Although the N.C.A.A. said in May that its Division I Council, one of the most influential bodies in college sports, was “expected to act” this week to approve new rules about how students may profit off their names, images and likenesses, a two-day meeting adjourned Wednesday without a vote. Some members had recently signaled that they expected to delay a decision, and the council is scheduled to meet again on Monday, three days before at least six states are scheduled to grant new economic rights to student-athletes — regardless of whether the N.C.A.A. concurs.
But the N.C.A.A.’s missing of another self-imposed deadline — it postponed a planned vote in January after the Justice Department in the closing days of the Trump administration voiced concerns about the association’s proposals — signals the depth of divisions inside a multibillion-dollar industry on the verge of experiencing change that was far from its own idea.
“There have been some other critical issues, but nothing resonated to this kind of situation,” said Dennis E. Thomas, the longtime commissioner of the Mid-Eastern Athletic Conference. “I think we are all frustrated.”
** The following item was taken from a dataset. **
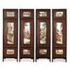 FOUR-FOLD HARDWOOD SCREEN WITH INSET PORCELAIN PLAQUES
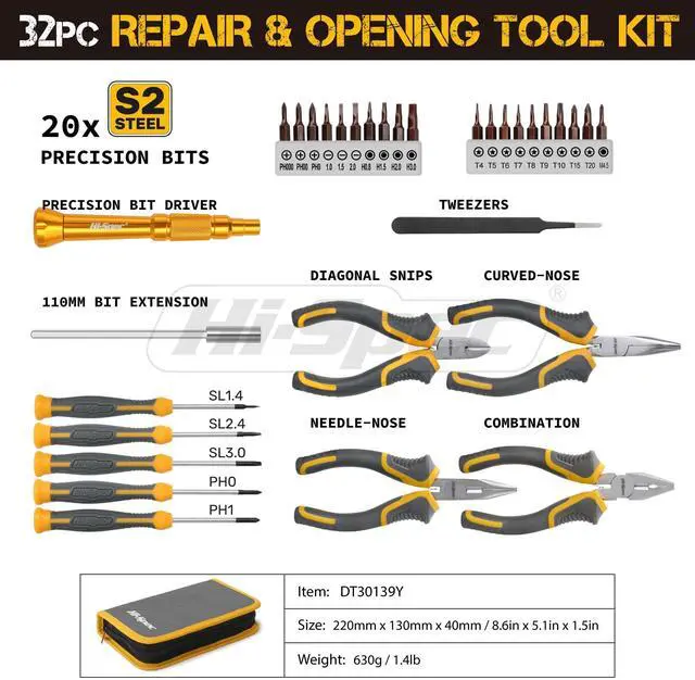 32pc Essential Tools for Electronics Repair: Perfect for hobbyists and DIYers, this 32-piece kit includes everything you need to open, repair, and assemble laptops, phones, drones, gadgets, and more; tackle any electronic project with confidence

All three N.C.A.A. divisions are considering how to allow students some rights to sign endorsement deals and gain other outside income, but most of the attention has focused on Division I, which includes the most prominent conferences in college athletics and more than 170,000 student-athletes.
The Division I council, whose membership includes people like conference commissioners and athletic directors, is weighing two proposals to give students the chance to earn money through endorsements or by monetizing their social media accounts. One, which emerged in recent days and has the support of some of the top leagues, would essentially tell universities to follow the name, image and likeness (N.I.L.) laws in their states or, if they are in places without such statutes, to write their own rules.
In a letter on Friday, the commissioners of the Atlantic Coast, Metro Atlantic Athletic, Pac-12, Southeastern, Southwestern Athletic and Sun Belt Conferences said their joint proposal was “designed to minimize the risks to student‐athletes and member institutions, ensure that N.C.A.A. legislation is compliant with the laws of all states, and afford N.I.L. opportunities to student‐athletes in states where there currently is no N.I.L. law.”
Their proposal, though, arrived late in a process that has stretched for more than two years. Until the last week, N.C.A.A. leaders were focused on a plan that would extend new rights to athletes in a more restricted way and give the industry clearer authority.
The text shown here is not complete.